Thierry Neuville gelang in Mexiko erstmals der Sprung aufs WRC-Podium

Rallye 2013

— 07.04.2013

Al-Attiyah will genießen, Neuville auf dem Boden bleiben

Nasser Al-Attiyah freut sich auf die Atmosphäre in Portugal - Thierry Neuville wird nach seinem ersten WRC-Podium nicht euphorisch

Unverhofft kommt oft: Ursprünglich hatte Nasser Al-Attiyah gar nicht geplant, an der Rallye Portugal (11. bis 14. April) teilzunehmen, doch nachdem sich eine Lücke im Terminkalender des vielbeschäftigten Mannes aus Katar fand, schlug der M-Sport-Pilot zu und sicherte sich den Start bei einer seiner Lieblingsrallyes. "Ich bin ein großer Fan dieser Veranstaltung. Sie war ursprünglich nicht Teil meines Programms, aber als sich die Gelegenheit ergab, haben es Malcolm (Wilson, Teamchef, Anm. d. Red.) und mein Manager möglich gemacht", sagt Al-Attiyah.

"Die Atmosphäre durch die Zuschauer ist immer fantastisch, ich denke deshalb kommen so viele Fahrer gerne zu dieser Veranstaltung", fiebert der Ford-Pilot dem vierten WM-Lauf der Saison entgegen. Im Vorjahr war die Rallye auf der iberischen Halbinsel für Al-Attiyah ein gutes Pflaster: "Ich habe gute Erinnerungen an diese Rallye, wo ich im vergangenen Jahr mit Platz vier mein bestes WRC-Resultat erzielt habe. Wir hatten in Mexiko einen guten Lauf, daher hoffe ich, dass wir diesen Schwung mitnehmen können und hier ein weiteres gutes Resultat erzielen", sagt der 42-Jährige, der in Mexiko auf Platz fünf fuhr.

Sein junger Teamkollege Thierry Neuville reist ebenfalls gut gerüstet nach Portugal. Mit einem Test bereiteten sich der Belgier und sein Team in dieser Woche auf die zweite Schotter-Rallye des Jahres vor: "Wir hatten beim Test perfekte Bedingungen. Am Vormittag war es feucht und nass, am Nachmittag trocken", zieht Neuville ein positives Fazit. "Ich bin zuversichtlich, dass wir in der kommenden Woche ein gutes Resultat erzielen können. Wir haben im Vergleich zu Mexiko einige Änderungen am Fahrzeug vorgenommen, die sich gut anfühlen."
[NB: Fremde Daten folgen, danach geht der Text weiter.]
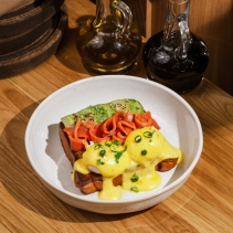 Бриошь, авокадо, нерка слабосоленая, яйцо куриное пашот, соус голландез, масло оливковое, перец горошек молотый/дробленый, лук зеленый, масло сливочное, смесь ореховая (орех кешью, орех фундук, орех грецкий, семена кунжута, семена льна, семена чиа)

"Es heißt häufig, dies sei die erste 'konventionelle' Rallye des Jahres, was aber nicht heißt, dass sie ohne Herausforderungen wäre", blickt der 24-Jährige auf den WM-Lauf in Portugal. "Die lange Wertungsprüfung am Sonntag wird für alle Teams eine Prüfstein, aber bis dahin müssen wir erst einmal kommen. Da es am Freitag keinen Mittags-Service gibt, müssen wir clever fahren und mit dem Auto und den Reifen haushalten. Die Strategie wird sicherlich eine Schlüsselrolle spielen."

Neuville reist nach den Plätzen fünf in Schweden und Platz drei in Mexiko mit viel Rückenwind nach Portugal. Doch auch nach dem ersten Podium seiner WRC-Karriere will der Belgier die Erwartungen nicht nach oben schrauben. "Die Ergebnisse aus Schweden und Mexiko stimmen uns zuversichtlich, aber davon dürfen wir uns nicht überwältigen lassen. Wir lernen immer noch dazu, daher wäre ich mit der vierten oder fünften Position schon zufrieden", gibt sich Neuville bescheiden.